On trunk only the cost model prevents vectorization of the s32 loop now (with generic tuning/arch). With core-avx2 I get for both innermost loops .L6: addl $1, %r10d vmovapd (%rbx,%r8), %ymm3 vfmadd231pd (%rax,%r8), %ymm3, %ymm0 addq $32, %r8 cmpl %r12d, %r10d jb .L6 ... .L26: addl $1, %ecx vmovupd (%rdi,%rax), %ymm4 vfmadd231pd (%rsi,%rax), %ymm4, %ymm0 addq $32, %rax cmpl %r8d, %ecx jb .L26 ... with only the reduction after it varying.
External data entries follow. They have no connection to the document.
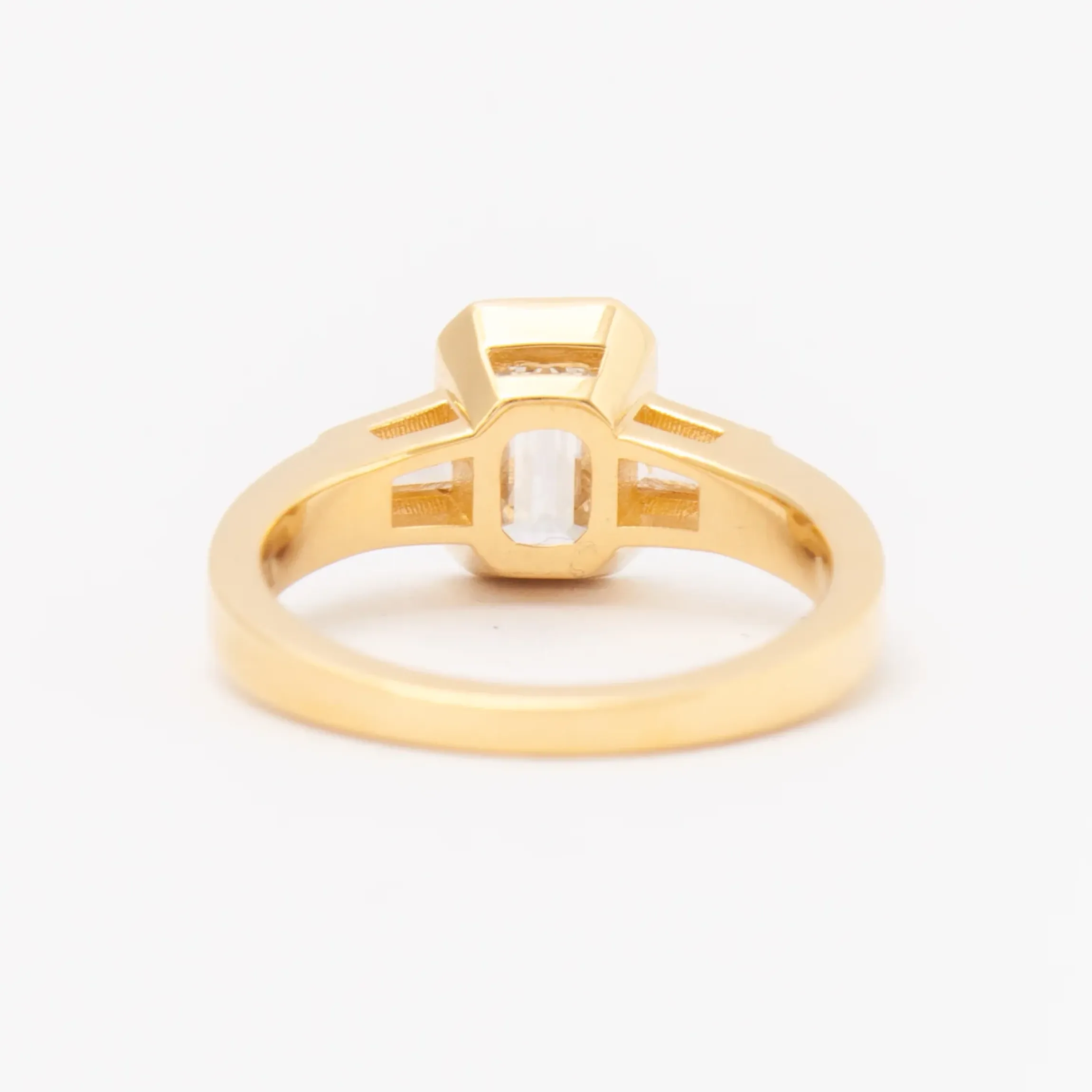 18 karat yellow gold set with an approximately 1.40 ct (GHI color/VS2+ clarity) emerald-cut white diamond with two tapered baguette diamonds totaling an additional 0.28 carat. Looking to customize your center stone? Contact us or book an appointment.
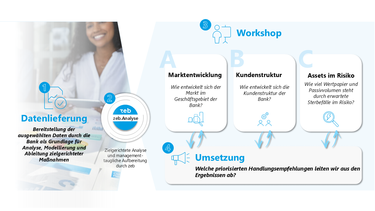 - Präzise Vermögensprognosen mit jährlicher Auswertung durch zeb-Rechenmodell – bankindividuelle Inputfaktoren werden berücksichtigt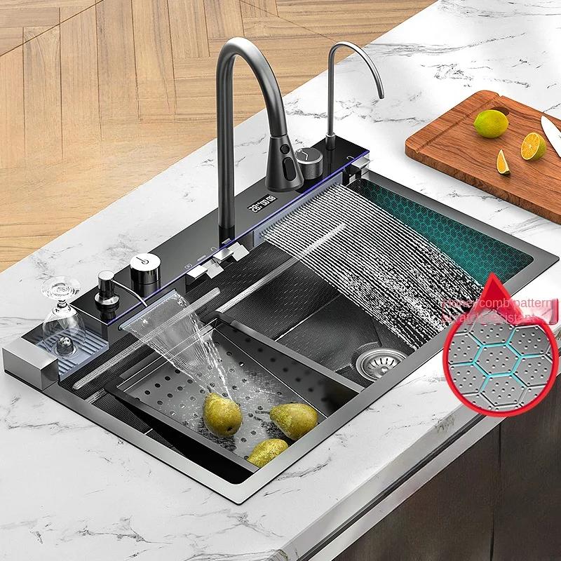 304 Stainless Steel Kitchen Sink with Double Waterfall Faucet Single Slot Integrated Digital Display Soap Dispenser Cup Washer — купить товар онлайн с бесплатной доставкой по всему миру!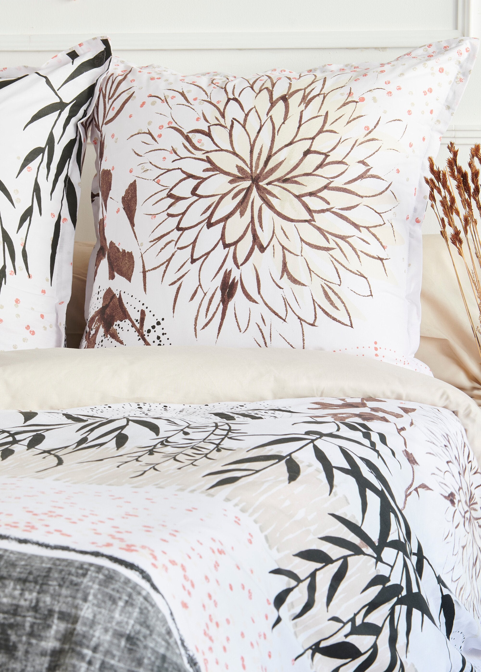Inspiración floral y vegetal en colores suaves... Tendencia zen y refinamiento intermedio para el juego de funda nórdica Kohana. De la colección Blanc des Prés, está elaborado con el mayor cuidado y la certeza de un saber hacer reconocido desde hace más de cuarenta años. Su material cualitativo y denso de puro algodón (57 hilos/cm²) garantiza flexibilidad, suavidad, comodidad y resistencia. Conjunto compuesto por funda nórdica reversible (1 cara estampada, 1 cara lisa) cerrada con botones (2 dimensiones a elegir: 240x220 o 260x240 cm) y 2 fundas de almohada de 65x65 cm.

With forcing avx128 the s32 loop isn't vectorized (cost model again): t.f90:22:0: note: Cost model analysis: Vector inside of loop cost: 16 Vector prologue cost: 8 Vector epilogue cost: 12 Scalar iteration cost: 8 Scalar outside cost: 6 Vector outside cost: 20 prologue iterations: 0 epilogue iterations: 1
We are generating the same vectorized loop for S31 and S32 now.